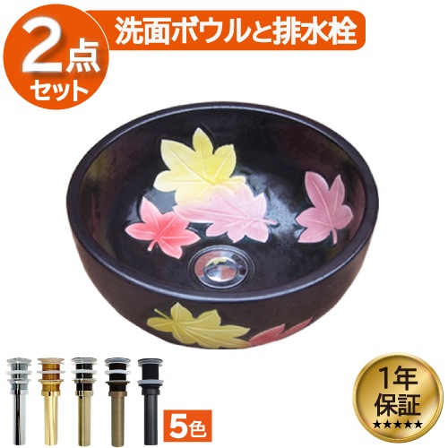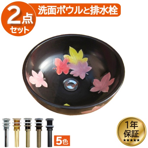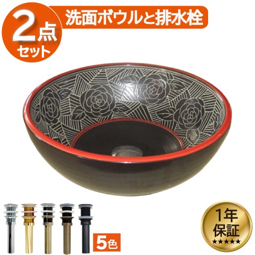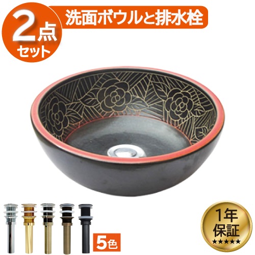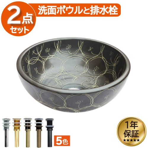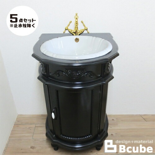 洗面台 洗面化粧台 「陶器洗面ボウル+化粧台+混合水栓+プッシュ式排水栓+トラップ」の5点セット ブラック 〔Eセット53〕INK...
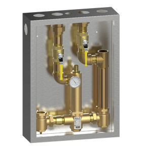 Lawler's 86104 Cabinet with 805 High-Low Thermostatic Mixing Valve provides tempered water over a wide range of flows in a single valve unit. Ideally suited for institutional and commercial applications such as group showers, schools, hotels, hospitals, prisons, and nursing homes. The 805 will provide from 5 to 200 gpm @ 45 psi (1/2 gpm when properly installed in a recirculated system). This valve provides three-way protection from scalding upon: 1) failure of the thermostat, 2) shut-off of hot water, or 3) shut-off of cold water. This one piece, single body valve contains a liquid filled thermostat, a stainless steel piston and liner, and is ASSE 1017 and CSA B125.3 approved. This single valve is easier to install, easier to maintain and more cost efficient than multi-valve systems on the market.
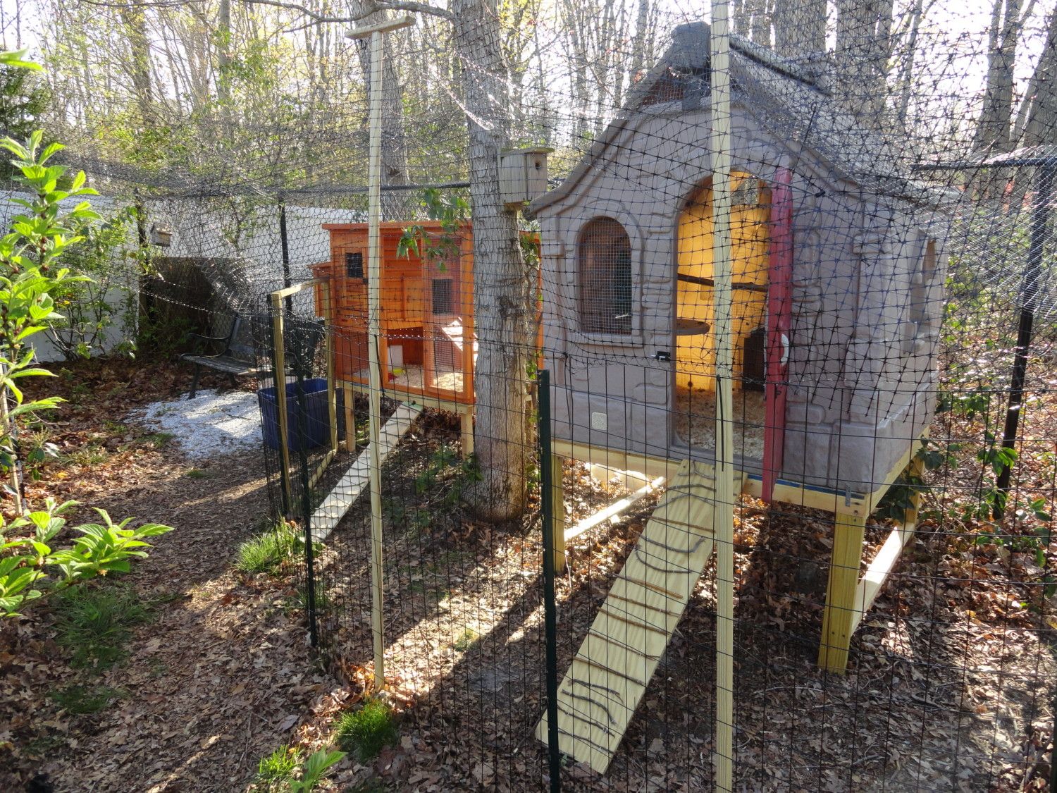 The two coops are for the 6. The Trixie can only hold two of them full grown. The playhouse may be able to hold all of them. I had already ordered the Trixie before I found this wonderful site. This site gave me the idea of turning the unused playhouse into a coop. So, I did. A few days later, the Trixie came.
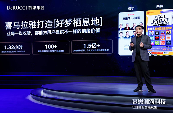 3月20日,慕思首席體驗官、喜馬拉雅高級副總裁傅海波在慕思潮汐科技新品發布會上發表了“聽,讓好睡眠智然發生”的演講。他強調,聽音頻已成為人們在睡前獲取情緒能量的潮流方式。會上,喜馬拉雅宣布與慕思達成戰略合作,雙方將共同發揮在睡眠場景中的優勢,通過內容傳情和共建空間傳情,攜手打造情緒助眠新生態,共創[好夢棲息地]。
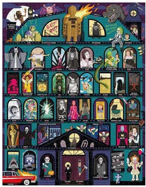 Ez a különleges puzzle a horrorfilmek rajongóinak kötelező darab! Fedezd fel az 50 ikonikus rémisztő filmet a Galison 37466 - 50 Must-Watch Scary Movies Bucket List - 1000 db-os puzzle képén, ami minden borzongáskedvelő szívét megdobogtatja.
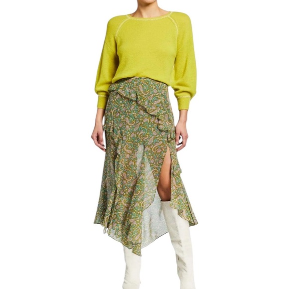 Veronica Beard Fern Paisley Eleonora Ruffle Midi Skir Size 2
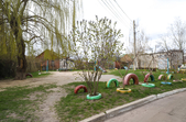 У дворах тут досить багато дитячих гойдалок, прикрас та майданчиків “хендмейд”, зроблених з автомобільних шин. У деяких дворах шинами не лише прикрашають територію майданчика, але й облаштували з них імпровізовану фотозону.
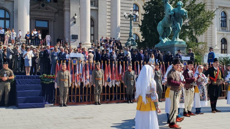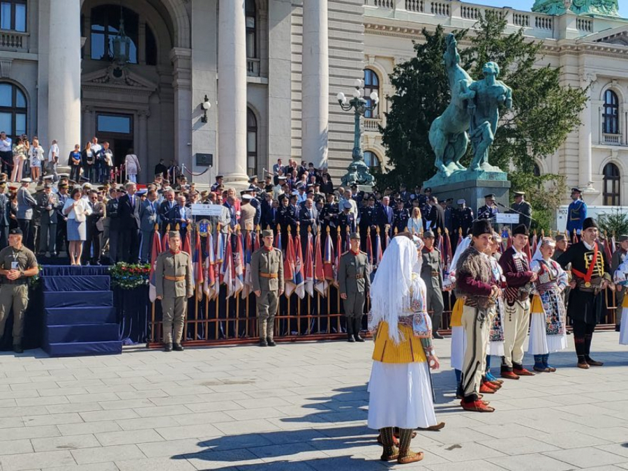 Pre samog početka svečanosti, pukovnik Vojske Srbije Srđan Blagojević predao je raport predsediku Aleksandru Vučiću.
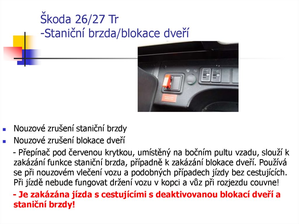 + otevřené dveře kabiny řidiče – doprovázeno akustickým upozorněním, 10. jízda v
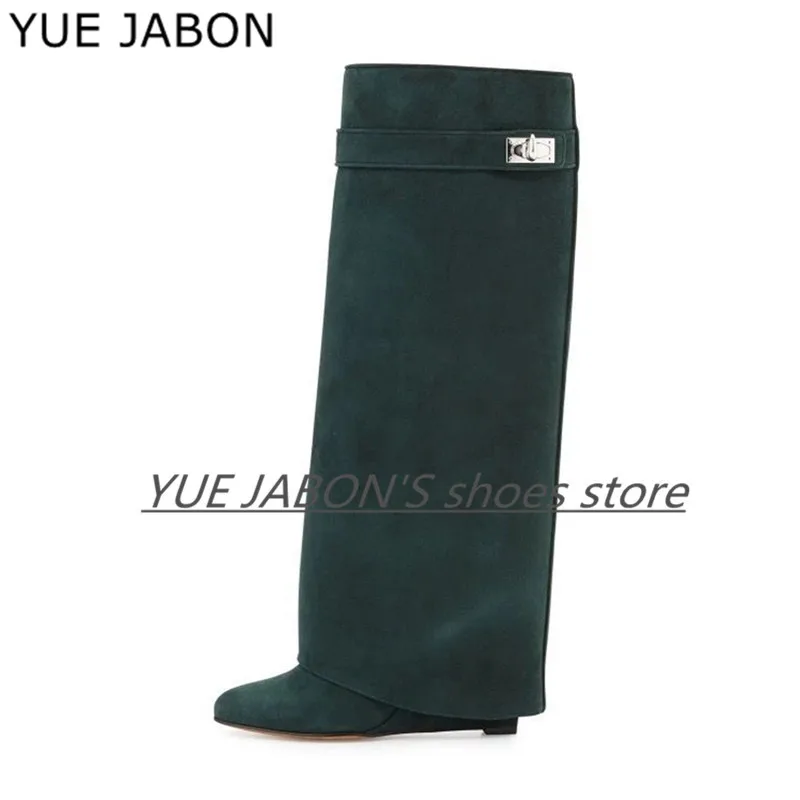 Женские сапоги на танкетке Shark Lock, ботфорты из натуральной кожи...
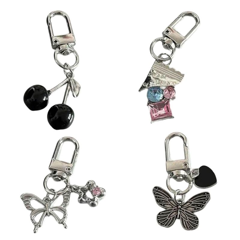 Cherry/Candy/Butterfly/Bowknot Heart Keychain Alloy Key Chain Multi-Functional Phone Chain Women Girls Purse Accessory
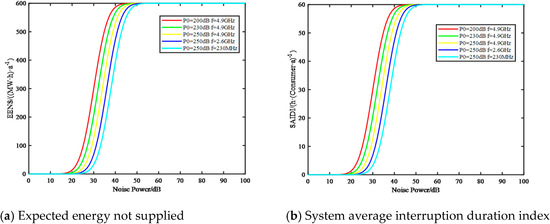 The variation of system reliability indexes under different noise powers is shown in Figure 6.
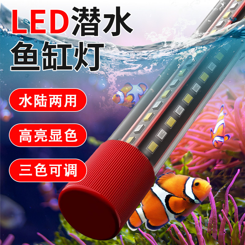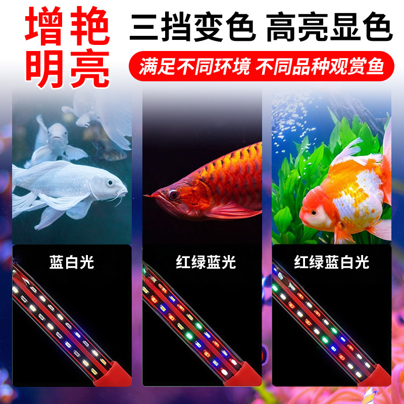 LED鱼缸灯鹦鹉红龙鱼专用水族箱三基色增色增艳观赏防水照明灯管
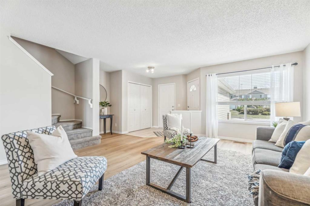 Welcome Home! Welcome to your new oasis! Dive into luxury with this captivating 4-bedroom, 2.5-bathroom townhome nestled in the vibrant heart of Airdrie. Recently revamped with a modern touch, this abode boasts upgraded vinyl plank flooring, plush carpeting, and a fresh coat of contemporary paint that floods every corner with light. Step inside to discover a luminous living space seamlessly flowing from the airy foyer to convenient garage access. Your inner chef will rejoice in the gleaming, chef-inspired white kitchen, complete with an inviting dining nook for delightful gatherings. A convenient 2-piece bathroom and direct deck access make entertaining a breeze on the main floor. Ascend to the upper level to find three generously-sized bedrooms, including a serene primary suite boasting its own ensuite bath. An additional full bathroom ensures ample comfort for family and guests. Downstairs, the partially finished lower level beckons with a versatile bedroom or flex space, laundry room, and abundant storage options. With a single attached garage, extra parking stall, and picturesque greenspace just beyond your doorstep, this home offers both convenience and charm. Enjoy the central location, granting easy access to schools, shopping, Deerfoot Trail, and a swift commute to CrossIron Mills, Costco, and the Calgary airport.
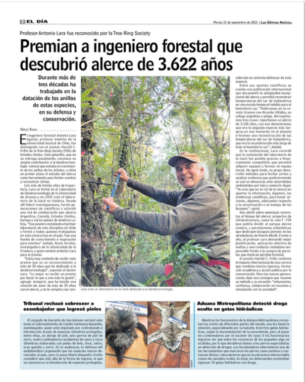 Premian a ingeniero forestal que descubrió alerce de 3.622 años (LUN) 23 de septiembre de 2025 120 Leer esta nota en LUN
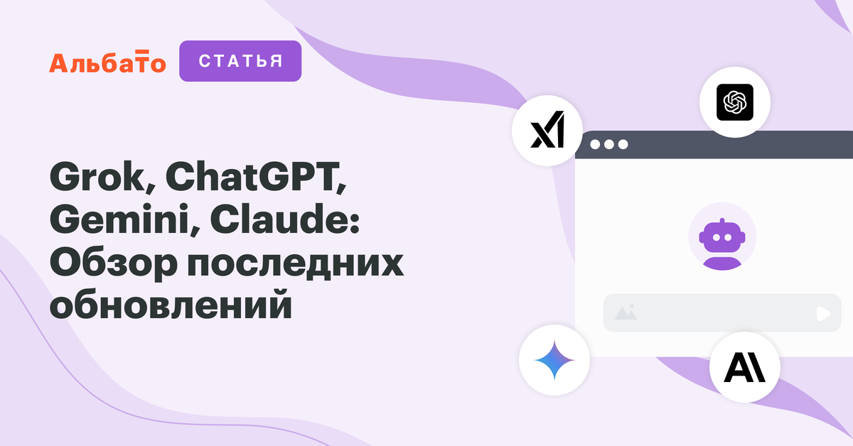 Ниже разберём каждый чатбот: что он умеет, сколько стоит, где сильнее конкурентов, а где проигрывает. В конце статьи будет сравнительная таблица, чтобы было проще выбрать подходящий инструмент для конкретных задач. А если понадобится связать выбранную нейросеть с CRM, мессенджерами или таблицами, это можно сделать через платформу автоматизации Альбато без единой строчки кода.
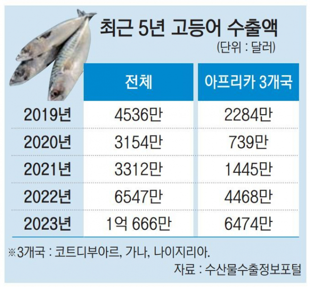 아프리카는 2019년 국내산 고등어를 다량 수입하며 주요 교역국으로 각광받았다. 다만 당시 수출액이 2284만 달러로 지난해 대비 3분의 1 수준밖에 되지 않았고 이마저 2020년 코로나19 유행으로 739만 달러까지 떨어졌다. 그러나 이듬해부터 폭발적으로 수출 규모가 늘면서 마침내 우리나라의 압도적인 최대 교역국으로 자리 잡았다. 수산업계에 따르면 아프리카가 국내 고등어를 선호하게 된 것은 대외 환경 때문이다. 본래 아프리카는 러시아와 일본에서 수산물을 많이 수입했다. 특히 러시아 오호츠크해에서 잡히는 청어와 정어리를 즐겨 찾은 것으로 알려졌다. 하지만 러시아-우크라이나 전쟁으로 서방의 무역 제재가 심해졌고, 일본도 후쿠시마 오염수 방류를 시작한 뒤 어선 출항을 줄여 수산물 수입이 크게 줄었다.
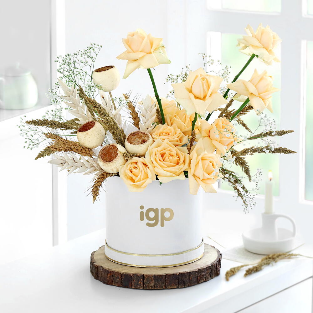 Get mesmerized with a melange of fresh and dried collection of apple wood, wheat grass, millet dry, corkwood flowers, peach roses and gypso deftly packed in a white box. Its quiet simplicity echoes floral brilliance that carries your best wishes to loved ones.
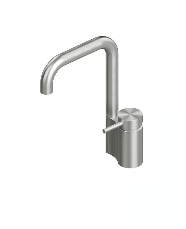 Смеситель для раковины, Quadro design, Ottavo, тип открывания воды-однорычажный, тип регулирования воды-керамический картридж, монтаж-на раковину/столешницу, отверстия для монтажа-1, высота, мм-244, вынос излива, мм-150, стандарт подвода воды-3/8", цвет-сталь брашированная Смеситель для раковины, Quadro design, Ottavo, цвет-сталь брашированная
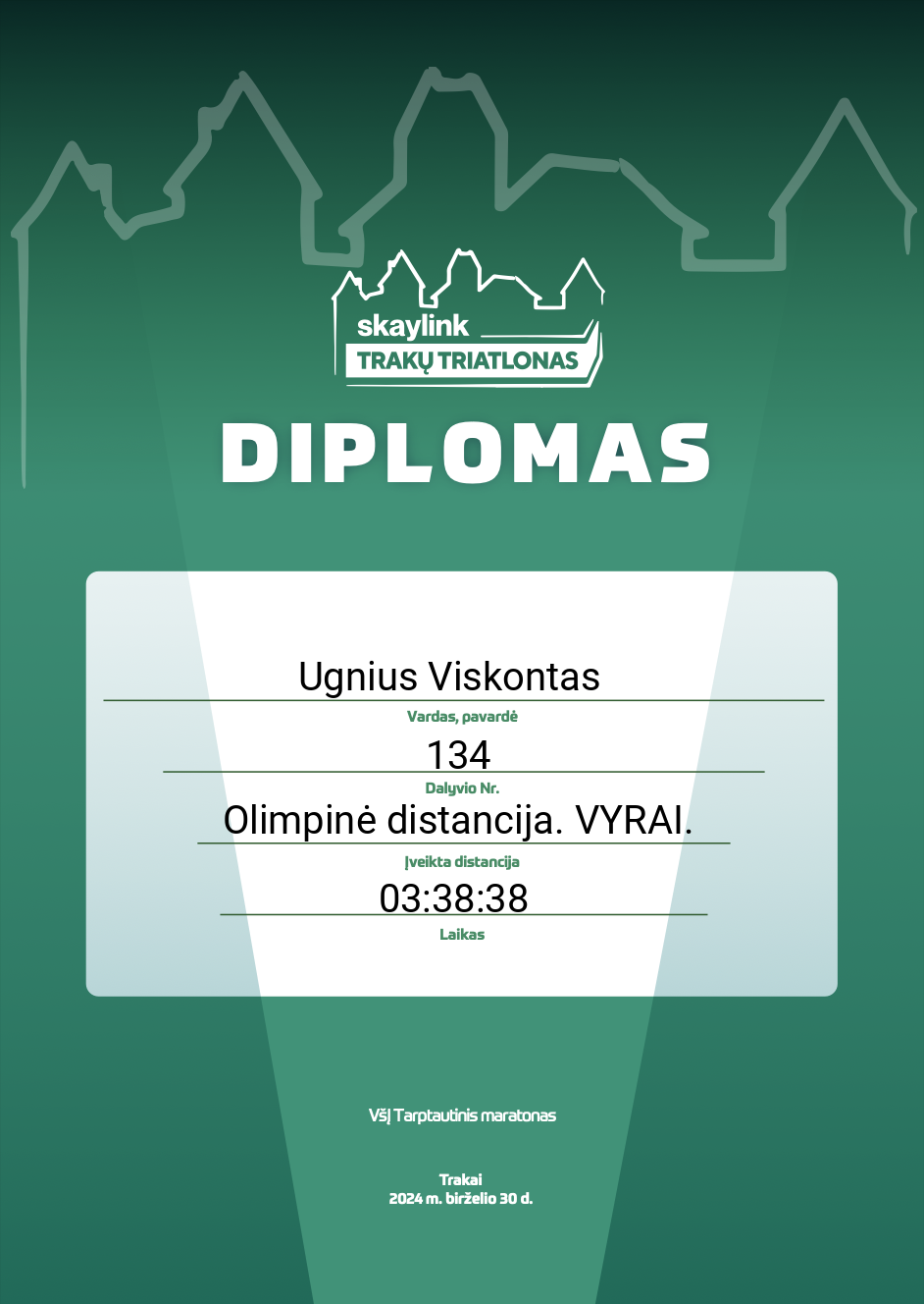 | 251 | Ugnius Viskontas | 134 | Lithuania | Olimpinė distancija. VYRAI. | 03:38:38 | Diplomas | |
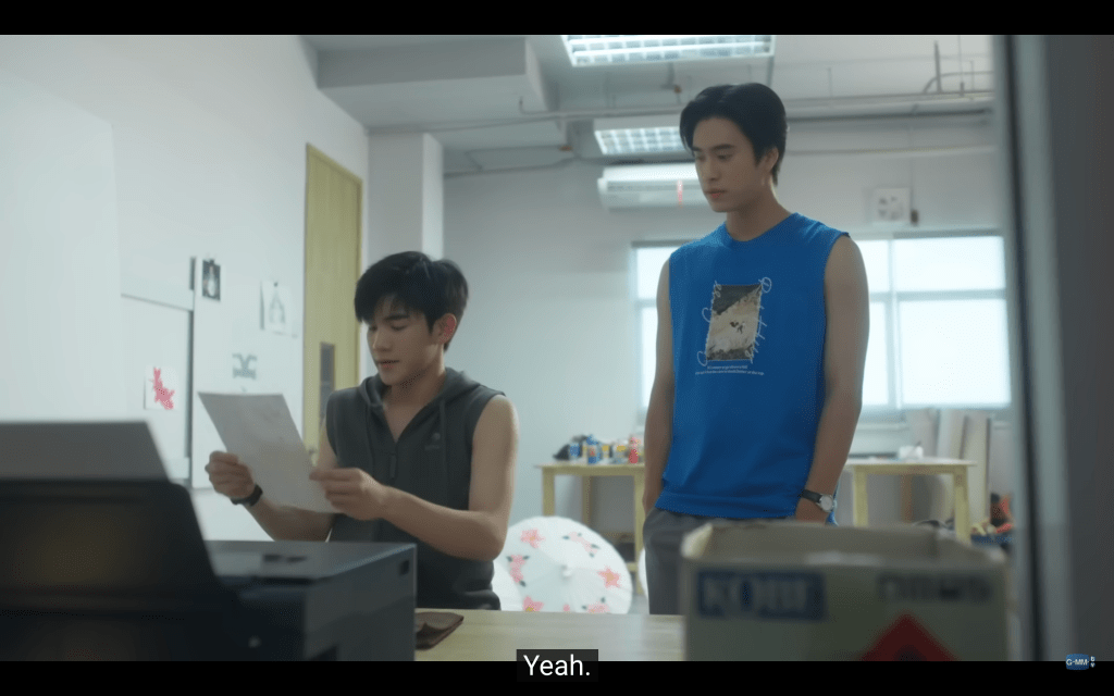 And there’s chemistry there between Atom and Kongthap when they talk about the props that Atom is working on. The endeared look on Kongthap’s face? Good job, Gemini! It’s just that freaking background music. Is there a way I can turn that down? Because it undercuts some great scenes! The music swelling during the trapped under the umbrella scene would have been great but it’s hard to appreciate it when there’s constant scoring happening throughout the show. SOME SCENES CAN BE SILENT.

• Directions: Please print, exactly as given, the lines running from the beginning of the listing through the line containing "Lawler's 86104 Cabinet", omitting each picture.

• Answer to the problem:
 洗面台 洗面化粧台 「陶器洗面ボウル+化粧台+混合水栓+プッシュ式排水栓+トラップ」の5点セット ブラック 〔Eセット53〕INK...
 Lawler's 86104 Cabinet with 805 High-Low Thermostatic Mixing Valve provides tempered water over a wide range of flows in a single valve unit. Ideally suited for institutional and commercial applications such as group showers, schools, hotels, hospitals, prisons, and nursing homes. The 805 will provide from 5 to 200 gpm @ 45 psi (1/2 gpm when properly installed in a recirculated system). This valve provides three-way protection from scalding upon: 1) failure of the thermostat, 2) shut-off of hot water, or 3) shut-off of cold water. This one piece, single body valve contains a liquid filled thermostat, a stainless steel piston and liner, and is ASSE 1017 and CSA B125.3 approved. This single valve is easier to install, easier to maintain and more cost efficient than multi-valve systems on the market.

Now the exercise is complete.